What you need to do: Using the data below, transcribe exactly everything from the line that contains "Consisting of Grohtherm" down to the line that contains "B.O.C. Born Concept". Include both of those lines and none of the pictures.

Extracted information:
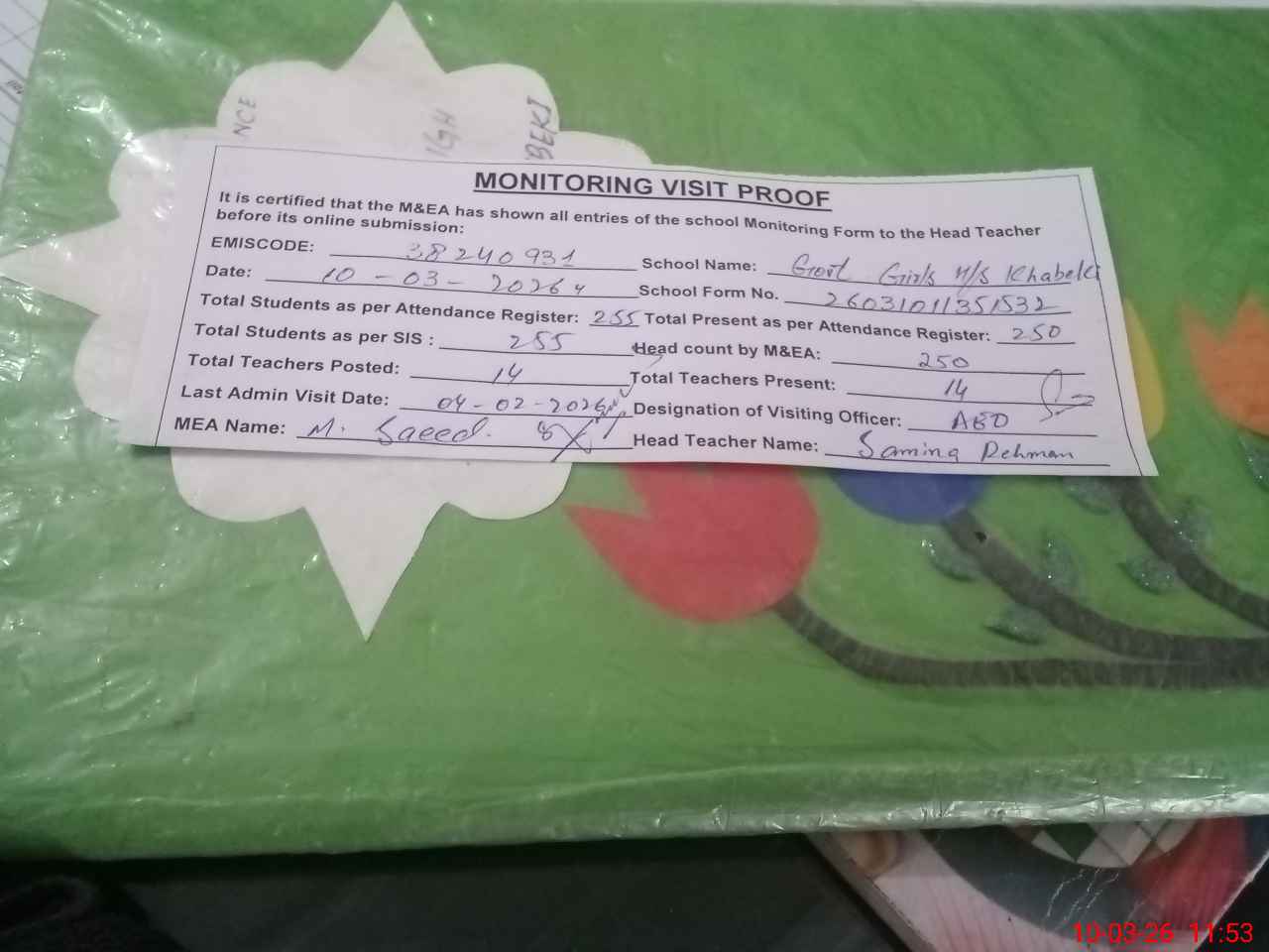 | Remarks (Use Separate Page if Required): Students on SIS QTY 255 Last admin visit On 04 February 2026 by AEO | |||||
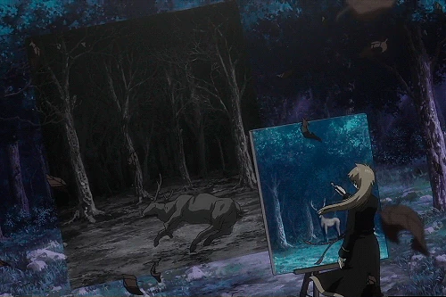Some time later, Alone goes to paint in a cathedral where meet a mysterious priest overlooking his work who questions Alone about the unfinished eyes and directs him to a location where he could find the ideal shade of red he is looking for. Taking the advice, Alone thanks the mysterious priest before leaving to find the right flower he needs to use for his painting.
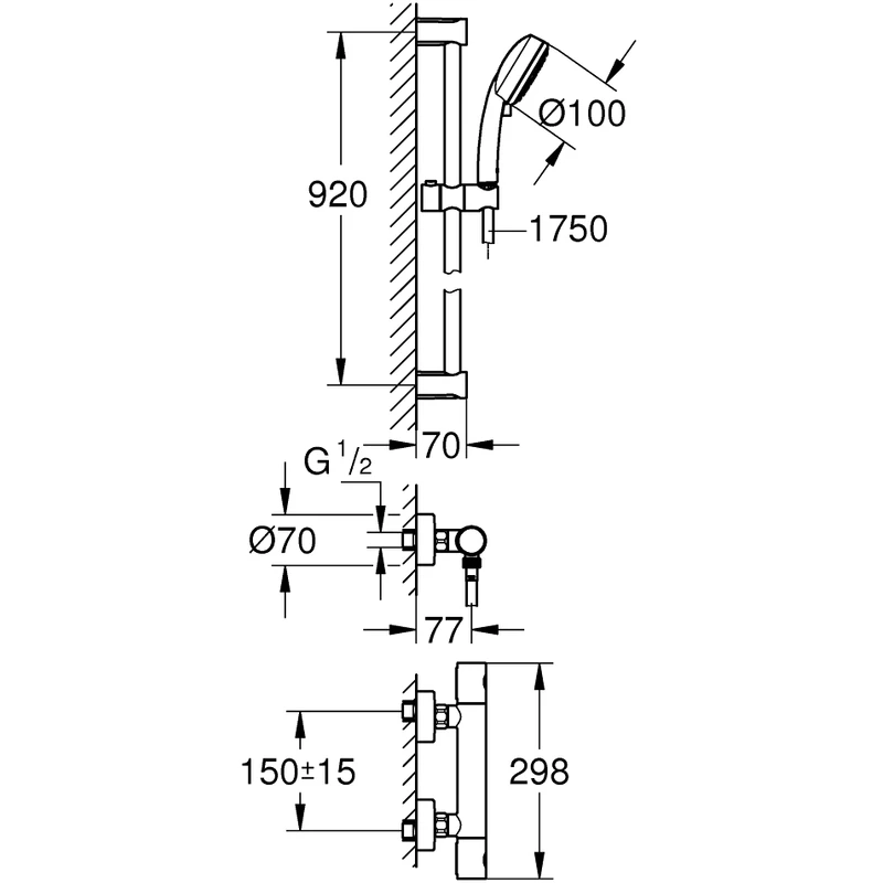 Consisting of Grohtherm 800 Cosmopolitan thermostatic shower mixer 1/2β³ (34765 000)
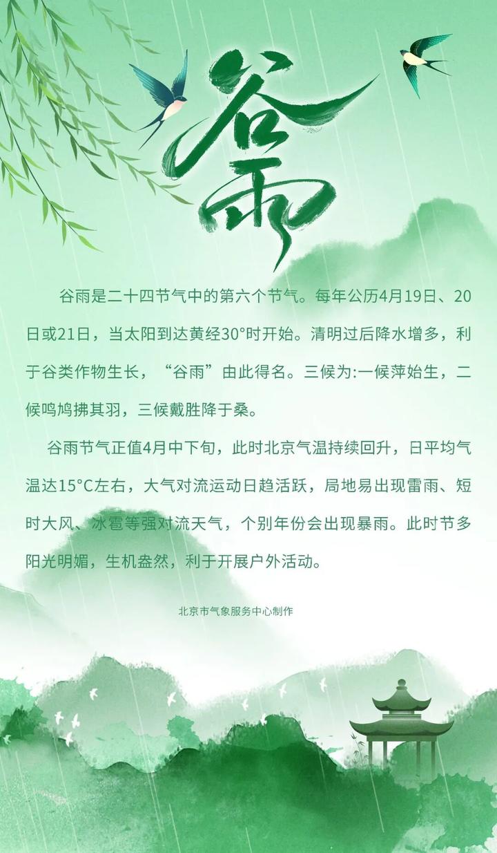 今日迎来谷雨,也是春季最后一个节气,京城天气晴好舒适。白天最高气温在22℃上下,春意正浓。中午到傍晚风力有所加大,阵风6级左右,外出请注意做好防风措施,远离广告牌、围挡等临时搭建物,警惕高空坠物,注意出行安全。
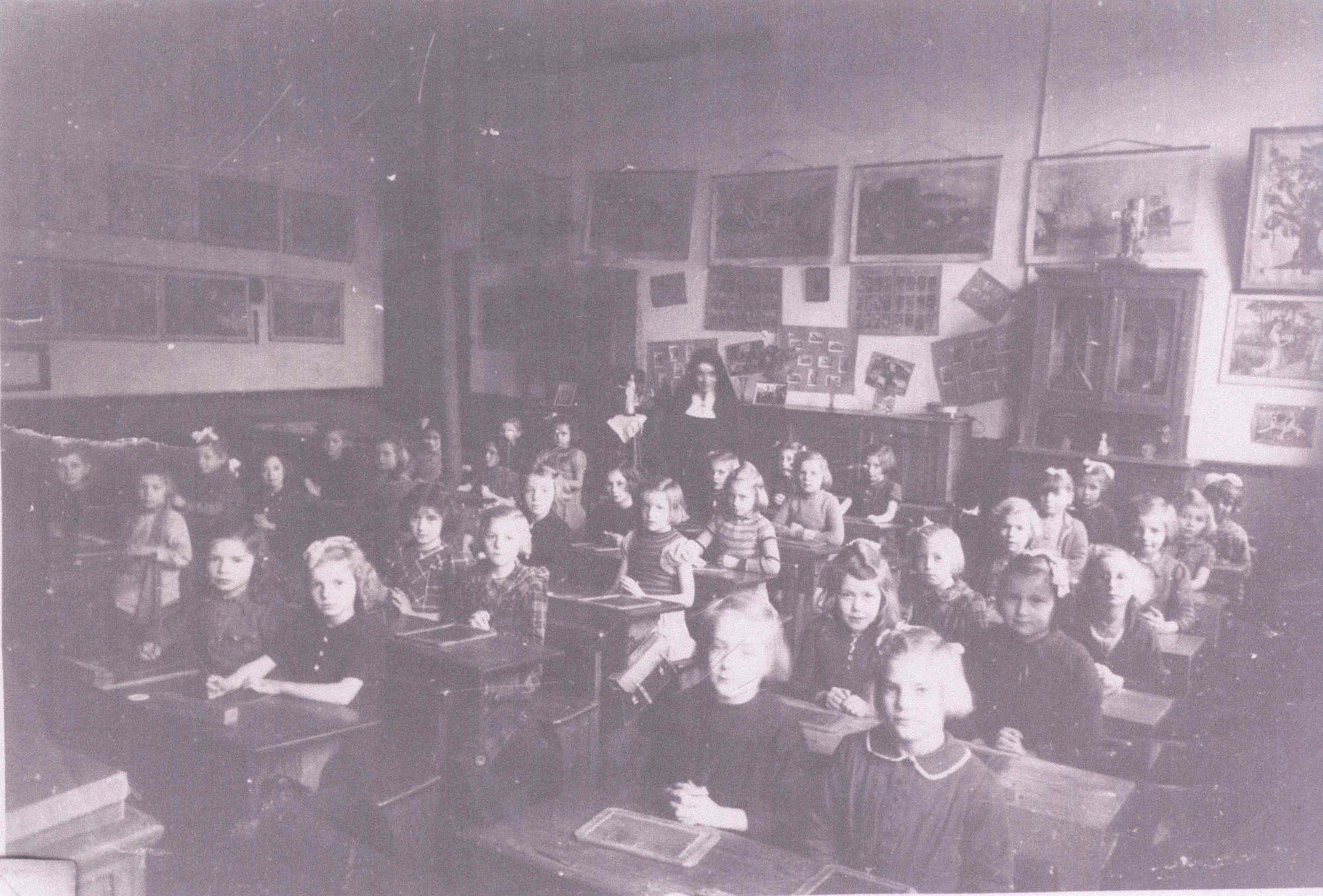 - BeschrijvingKlasfoto 1944-1945, St.-Jorisschool, klasfoto 5de en 6de leerjaar, rij banken rechts op foto: Wolfs Romaine en Tijtgat Maria, Verreck Elza en Bertha Frooninckx, Cleynen Ivonne en Clonen Maria, Bollaerts Paula en Cristael Hilda, Van de Plas Ivonne en Christael Marguerite, rij banken in het midden: Wolfs Paula en Reynders Renilda, Vanderstappen Augusta en Verreck Lea, Bollaerts Cecile en Heeren Ivonne, Van Schoeland Julia en Hoeterickx Ivonne, Van Malcot Godelieve en Puttevils Lizette, rij banken links in het donker: Wolfs Louisa en ? , Verhoeven Jeanne en ? , Liboton Paula en ? , De Houwer Augusta en ?, ?
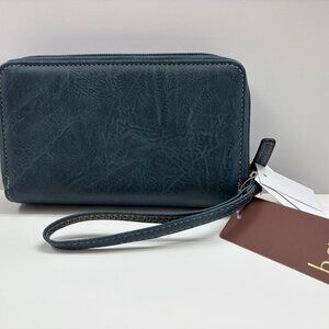 B.O.C. Born Concept Vegan Leather Embossed Blue Wristlet/ Bag / Wallet - NWT
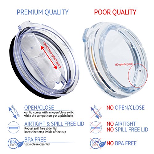 -. Feature : NEW DESIGN: BPA-free crystal-clear plastic lid with open/close switch that acts as splash/spill guard, and a hole perfect for straws & direct sipping. please note: this is splash-proof, not leak proof. / PERFECT SEALING: High-quality rubber and easy-to-use design, keeps the hot/cold liquid insulated in your tumbler longer. This lid is terrific for traveling, thanks to its splash-guard switch, and it will serve you perfectly at the leisure of your home, as well, with or without a straw. / GREAT COMPATIBILITY: This high-quality plastic lid fits our SASQUATCH and most 30 oz tumbler brands out there: yeti, rtic, sic, beast, tum-tum, the-berg, iceberg, thermic, epic, magnum steel and more...). / LUXURY BRAND: Our lids comes with our Snow's Luxury Kitchen SLK logo. we are very proud of our products and the SLK signature means you go the best product out there! / VALUE 4 MONEY: buy 2 and get 10% off. buy 3 and get 15% off. buy 4 or more and get 20% off!
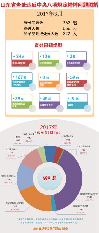 2017年第一季度,山东省各级纪检监察机关查处违反中央八项规定精神问题699起,处理1093人,处分654人。从查处问题类型看,违规配备使用公务用车、违规发放津补贴或福利、大办婚丧喜庆以及违规公款吃喝4类问题较为突出,占查处总量的84%。
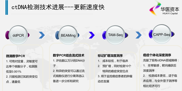 基于目前ctDNA相对成熟且临床证据较丰富的情况,可以积极参与投资,目前的检测平台一般为二代基因测序与数字化 PCR,靶向捕获+二代测序将是一个方向,另外三代测序也是重要方向。
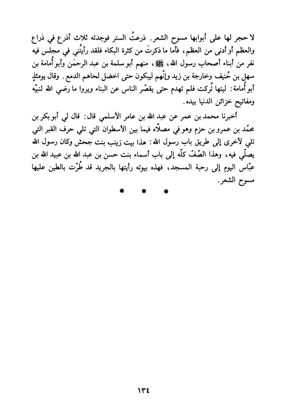 لا حُجَرَ لَهَا عَلَى أَبْوَابِهَا مُسُوحُ الشَّعْرِ. ذَرَعْتُ السِّتْرَ فَوَجَدْتُهُ ثَلاثَ أَذْرُعٍ فِي ذِرَاعٍ وَالْعَظْمِ أَوْ أَدْنَى مِنَ الْعَظْمِ. فَأَمَّا مَا ذَكَرْتُ مِنْ كَثْرَةِ الْبُكَاءِ فَلَقَدْ رَأَيْتُنِي فِي مَجْلِسٍ فِيهِ نَفَرٌ مِنْ أَبْنَاءِ أَصْحَابِ رَسُولِ اللَّهِ - صَلَّى اللَّهُ عَلَيْهِ وَسَلَّمَ - مِنْهُمْ أَبُو سَلَمَةَ بْنُ عَبْدِ الرَّحْمَنِ وَأَبُو أُمَامَةَ بْنُ سَهْلِ بْنِ حُنَيْفٍ وَخَارِجَةُ بْنُ زَيْدٍ وَإِنَّهُمْ لَيَبْكُونَ حَتَّى أَخْضَلَ لِحَاهُمُ الدَّمْعُ. وَقَالَ يَوْمَئِذٍ أَبُو أُمَامَةَ: لَيْتَهَا تُرِكَتْ فَلَمْ تُهْدَمْ حَتَّى يَقْصُرَ النَّاسُ عَنِ الْبِنَاءِ وَيَرَوْا مَا رَضِيَ اللَّهُ لِنَبِيِّهِ وَمَفَاتِيحُ خَزَائِنِ الدُّنْيَا بِيَدِهِ.
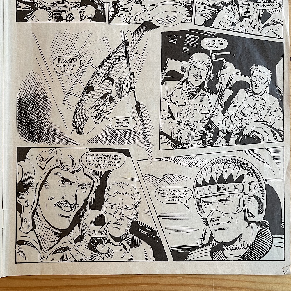 The humour between them is very natural and I think it’s wonderful how the wing’s leader, such a noble warrior on the surface, just wanted to show off. Some comics could be painfully obvious in being licenced fare, their one purpose being to sell toys, the stories feeling little more than action figures moving about in long, elaborate adverts. But it’s a testament to Barrie as the driving force and his assembled creative team that Ring Raiders feels like it’s an action adventure comic first, a licenced title second.
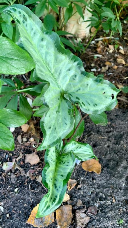 und ‚Milk and Honey‘ von Gert Geensen. Es ist eine zierliche Hosta des Winters. Drei Arum von Gert Geensen stehen bei uns im Garten: ‚Milk and Honey‘, ‚Hungarian Rapsody‘ und ‚Bella Italia‘. Alle drei unterscheiden sich sehr gut von den anderen Arum. Sie zeigen ein einmaliges Blattmuster.

Finished exercise:
 Consisting of Grohtherm 800 Cosmopolitan thermostatic shower mixer 1/2β³ (34765 000)
 今日迎来谷雨,也是春季最后一个节气,京城天气晴好舒适。白天最高气温在22℃上下,春意正浓。中午到傍晚风力有所加大,阵风6级左右,外出请注意做好防风措施,远离广告牌、围挡等临时搭建物,警惕高空坠物,注意出行安全。
 - BeschrijvingKlasfoto 1944-1945, St.-Jorisschool, klasfoto 5de en 6de leerjaar, rij banken rechts op foto: Wolfs Romaine en Tijtgat Maria, Verreck Elza en Bertha Frooninckx, Cleynen Ivonne en Clonen Maria, Bollaerts Paula en Cristael Hilda, Van de Plas Ivonne en Christael Marguerite, rij banken in het midden: Wolfs Paula en Reynders Renilda, Vanderstappen Augusta en Verreck Lea, Bollaerts Cecile en Heeren Ivonne, Van Schoeland Julia en Hoeterickx Ivonne, Van Malcot Godelieve en Puttevils Lizette, rij banken links in het donker: Wolfs Louisa en ? , Verhoeven Jeanne en ? , Liboton Paula en ? , De Houwer Augusta en ?, ?
 B.O.C. Born Concept Vegan Leather Embossed Blue Wristlet/ Bag / Wallet - NWT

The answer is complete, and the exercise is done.